Task prompt:
Copy nothing but the lines below, from the one with "从日线图形来看,美原油(WT" through the one with "人気なリブニット 蝶結びストラップレスホワイト長袖ニット女性冬のトップス ニット", exactly as written; no pictures should appear.

Exercise data:
───

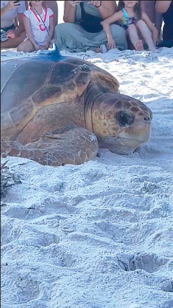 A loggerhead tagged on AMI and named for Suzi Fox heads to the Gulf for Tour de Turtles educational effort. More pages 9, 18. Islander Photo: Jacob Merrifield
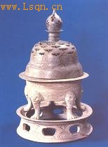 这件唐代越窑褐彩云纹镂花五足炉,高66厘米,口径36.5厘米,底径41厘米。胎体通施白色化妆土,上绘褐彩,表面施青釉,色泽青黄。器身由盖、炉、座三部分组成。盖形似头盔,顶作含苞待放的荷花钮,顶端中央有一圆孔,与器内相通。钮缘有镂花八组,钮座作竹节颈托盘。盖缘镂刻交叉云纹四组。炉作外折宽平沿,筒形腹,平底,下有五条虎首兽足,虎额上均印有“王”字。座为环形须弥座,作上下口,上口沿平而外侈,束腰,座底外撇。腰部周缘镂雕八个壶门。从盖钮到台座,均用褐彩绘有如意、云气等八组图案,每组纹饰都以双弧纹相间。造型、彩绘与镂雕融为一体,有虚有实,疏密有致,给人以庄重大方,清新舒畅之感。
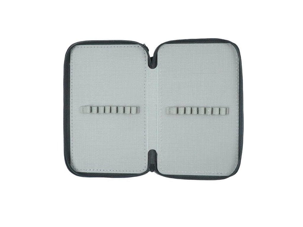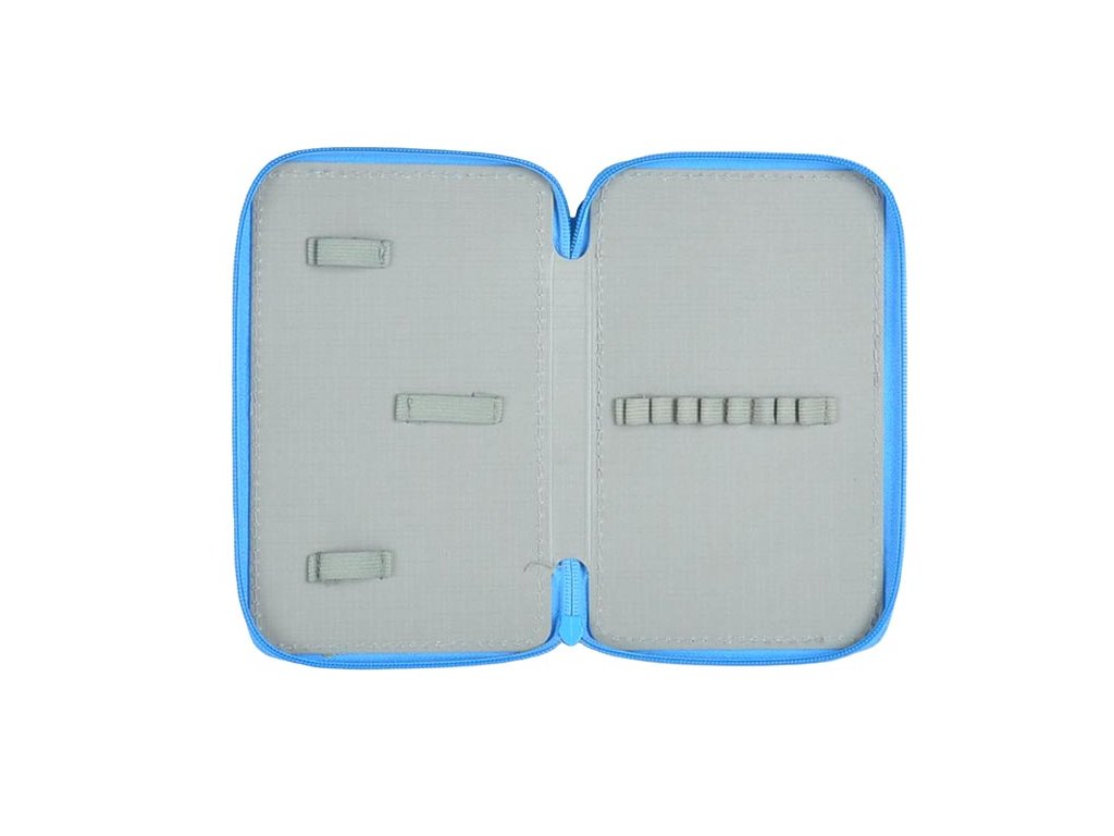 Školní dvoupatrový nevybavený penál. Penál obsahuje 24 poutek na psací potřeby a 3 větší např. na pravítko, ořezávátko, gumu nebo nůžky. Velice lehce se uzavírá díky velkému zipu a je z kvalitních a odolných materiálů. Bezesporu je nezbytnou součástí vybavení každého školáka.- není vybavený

───

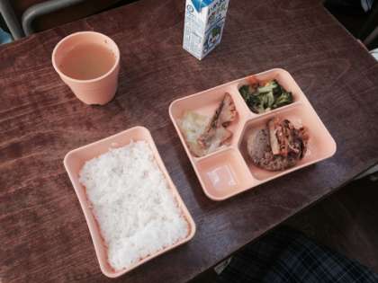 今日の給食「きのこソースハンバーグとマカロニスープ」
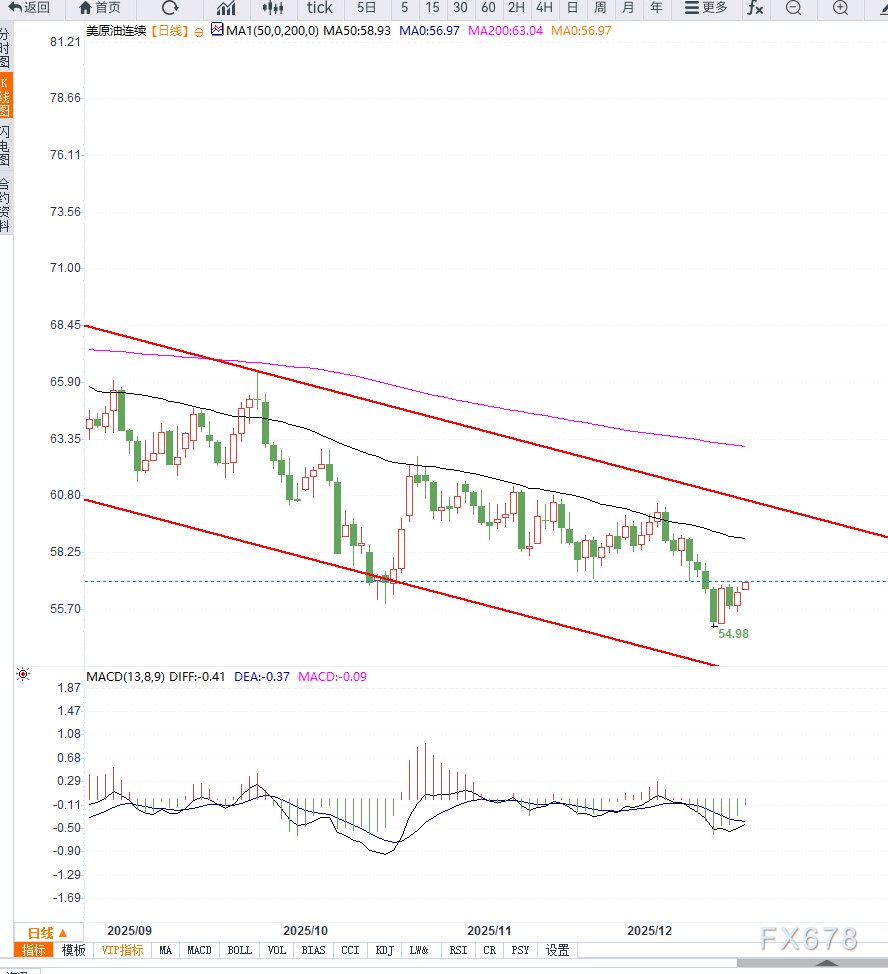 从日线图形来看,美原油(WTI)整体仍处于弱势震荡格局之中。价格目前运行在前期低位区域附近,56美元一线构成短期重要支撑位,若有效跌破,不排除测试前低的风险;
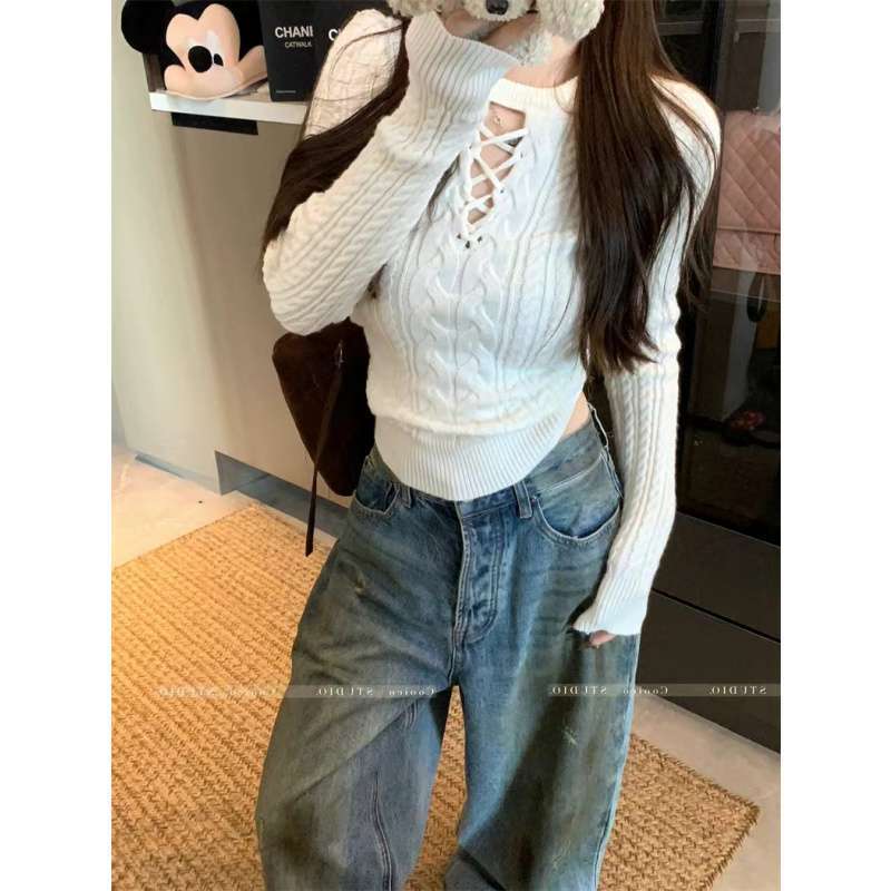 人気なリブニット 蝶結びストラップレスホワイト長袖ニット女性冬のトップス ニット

───

Answer section:
 从日线图形来看,美原油(WTI)整体仍处于弱势震荡格局之中。价格目前运行在前期低位区域附近,56美元一线构成短期重要支撑位,若有效跌破,不排除测试前低的风险;
 人気なリブニット 蝶結びストラップレスホワイト長袖ニット女性冬のトップス ニット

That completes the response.